Ah, is *that* what this is? I'd noticed some similar problems but not
got round to tracking it down.

-DKEY_DEBUGGING says:

  keypress: keyval = 00f6, state = 00000000; string = c3 b6
  generating sequence: c3 b6

... but that's interpreted as ISO-8859-1:

            if (!use_ucsoutput) {
                /*
                 * The stuff we've just generated is assumed to be
                 * ISO-8859-1! This sounds insane, but `man
                 * XLookupString' agrees: strings of this type
                 * returned from the X server are hardcoded to
                 * 8859-1. Strictly speaking we should be doing
                 * this using some sort of GtkIMContext, which (if
                 * we're lucky) would give us our data directly in
                 * Unicode; but that's not supported in GTK 1.2 as
                 * far as I can tell, and it's poorly documented
                 * even in 2.0, so it'll have to wait.
                 */
                if (inst->ldisc)
                    lpage_send(inst->ldisc, CS_ISO8859_1, output+start,
                               end-start, 1);
            } else {
                /*
                 * We generated our own Unicode key data from the
                 * keysym, so use that instead.
                 */
                if (inst->ldisc)
                    luni_send(inst->ldisc, ucsoutput+start, end-start, 1);
            }

It appears, though, that in GTK+ 2.0 event->string is in the current
locale
(http://library.gnome.org/devel/gdk/stable/gdk-Event-Structures.html#GdkEventKey
confirms this).
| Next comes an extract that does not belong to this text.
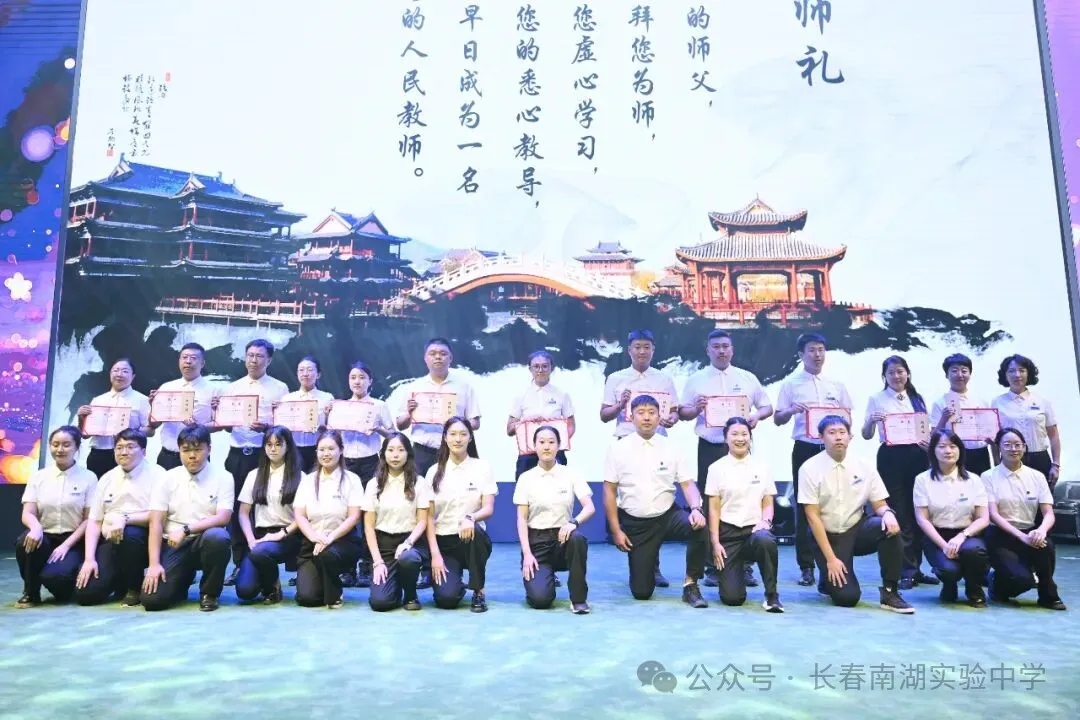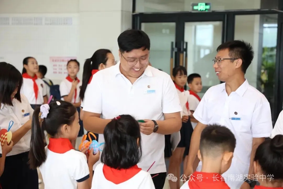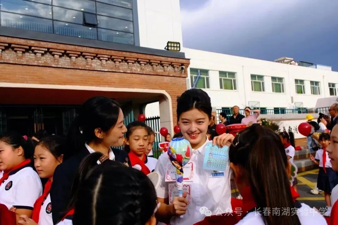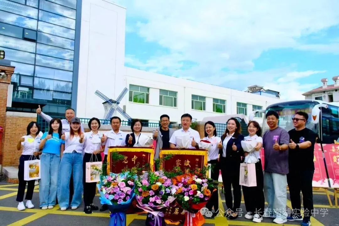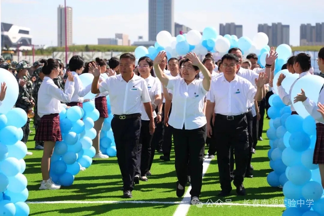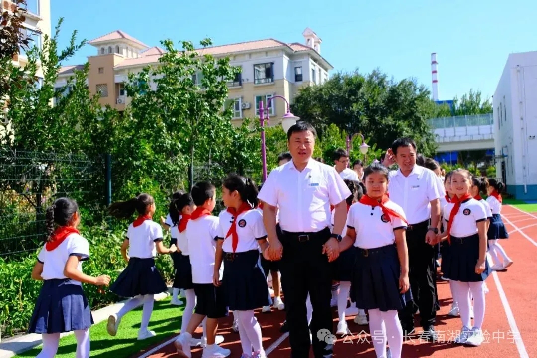 长春南湖实验中学新校园落地净月高新区,得到净月高新区各部门的关心和支持,尤其净月高新区教育局的各位领导一直关注项目进展,不仅多次实地调研、协调解决相关难题,还在政策指导等方面给予全方位支持,全力保障新校址建设顺利推进、搬迁工作平稳落地。这次教师节,净月高新区教育党委书记、局长徐洪兵,副局长王大亮更是亲临颁奖典礼,并为"先进个人"及"先进班集体"颁奖。两位领导亲切慰问获奖代表,勉励全体教师,其深切关怀极大地鼓舞了全体教师坚守初心、奋发作为的热情。

How about this patch?

Index: unix/gtkwin.c
===================================================================
--- unix/gtkwin.c       (revision 8469)
+++ unix/gtkwin.c       (working copy)
@@ -1049,6 +1049,10 @@
                ldisc_send(inst->ldisc, output+start, -2, 1);
        } else if (!inst->direct_to_font) {
            if (!use_ucsoutput) {
+               int charset;
+#if GTK_CHECK_VERSION(2,0,0)
+               charset = inst->ucsdata.line_codepage;
+#else
                /*
                 * The stuff we've just generated is assumed to be
                 * ISO-8859-1! This sounds insane, but `man
@@ -1061,8 +1065,10 @@
                 * far as I can tell, and it's poorly documented
                 * even in 2.0, so it'll have to wait.
                 */
+               charset = CS_ISO8859_1;
+#endif
                if (inst->ldisc)
-                   lpage_send(inst->ldisc, CS_ISO8859_1, output+start,
+                   lpage_send(inst->ldisc, charset, output+start,
                               end-start, 1);
            } else {
                /*

-- 
Colin Watson                                       [[email protected]]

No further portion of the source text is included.